Monday, July 30, 2018

Normalizing Has Already Crossed the Line


I know, in this day and age, tolerance and understanding is seen as a virtue above all else. There’s a line that can be crossed with this kind of thing.
That’s a quote from conservative video blogger Roaming Millennial, from a post about the recent movement to normalize pedophilia. Is that happening? Yes. She shares a video from Salon from a year ago, featuring a man who refers to himself as a “virtuous” pedophile—a person with a sexual preference, or orientation toward children who knows acting on it would be wrong, so he is a non-offending pedophile.

Roaming Millennial video blog post, screen shot

Then, more recently, there was another step: rebranding, she calls it. They prefer the term Minor Attracted Persons, or MAPs, instead of pedophiles, since pedophile is an emotionally charged word.

Meanwhile, I also came across a TedX video from a month ago that attempts to normalize pedophilia as just another sexual preference that wasn’t chosen. The student at the University of Würzbrug, Mirjam Heine, who gave the talk received so much negative response that she asked to have it removed, for her safety, although others have resurrected it to make sure it can’t be hidden. 

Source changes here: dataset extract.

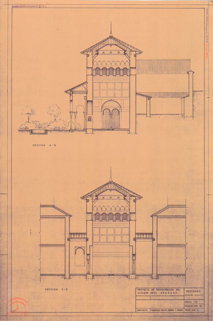 Título: Granada. Alcázar Genil. Proyecto de restauración. Secciones. Estado actual. Hoja 4
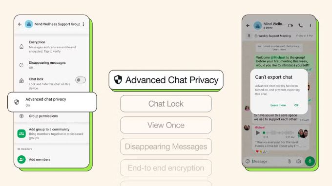 WhatsApp, Messenger hay Zalo là các ví dụ phổ biến, hỗ trợ mã hóa đầu cuối mặc định cho tất cả cuộc trò chuyện. Trên Whatsapp bạn có thể bật tính năng Advanced Chat Privacy để nâng cao bảo mật hơn: ứng dụng sẽ ngừng tự động tải phương tiện, chặn xuất nội dung trò chuyện và không dùng các đoạn chat đó cho tính năng AI.

Mirjam Heine, controversial TedX talk at the Univeristy of Würzbrug
attempting to normalize pedophilia, screen shot

Here’s the transcript from a minute-long segment

It is in our responsibility to reflect and overcome our negative feelings about pedophiles, and to treat them with the same respect we treat other people with. We should accept that pedophiles are people who have not chosen their sexuality, and who, unlike most of us, will never be able to live it out freely, if they want to live an upright life. We should accept that pedophilia is a sexual preference, a thought, a feeling, and not an act. We should differentiate between child sexual abuse and pedophilia. We shouldn’t increase the suffering of pedophiles by excluding them, by blaming and mocking them. By doing that, we increase their isolation, and we increase the chance of child sexual abuse.
Roaming Millennial refers to the movement, rather than this particular talk or the uproar it caused. But she says some useful things in her post. Offering the point of view of those who want to normalize, she says,

Some people argued that by destigmatizing pedophilia as a condition, we could encourage those who suffer from it to seek help without the fear of being immediately shamed and ostracized for an attraction they don’t have control over. It was posited that by bringing pedophilia out of the shadows, so to speak, in a way we would have a better chance of controlling and monitoring it.
Which she says she wouldn’t argue with, except that, then they do the rebranding thing—using words that mean the same vile thing, but trying to make it sound like pedophilia is not inherently a bad thing. The non-supportive side (which she is on) has this point of view:

A lot of people were critical of Salon’s interest in this individual, since they believed it was an attempt to normalize pedophilia, to make it mainstream, to paint it as just this quirky preference that some people happen to have, instead of what it really is: a serious mental illness that could cripple lives and increase a person’s likelihood of being a child abuser. That was, I think, the overall consensus for most of us.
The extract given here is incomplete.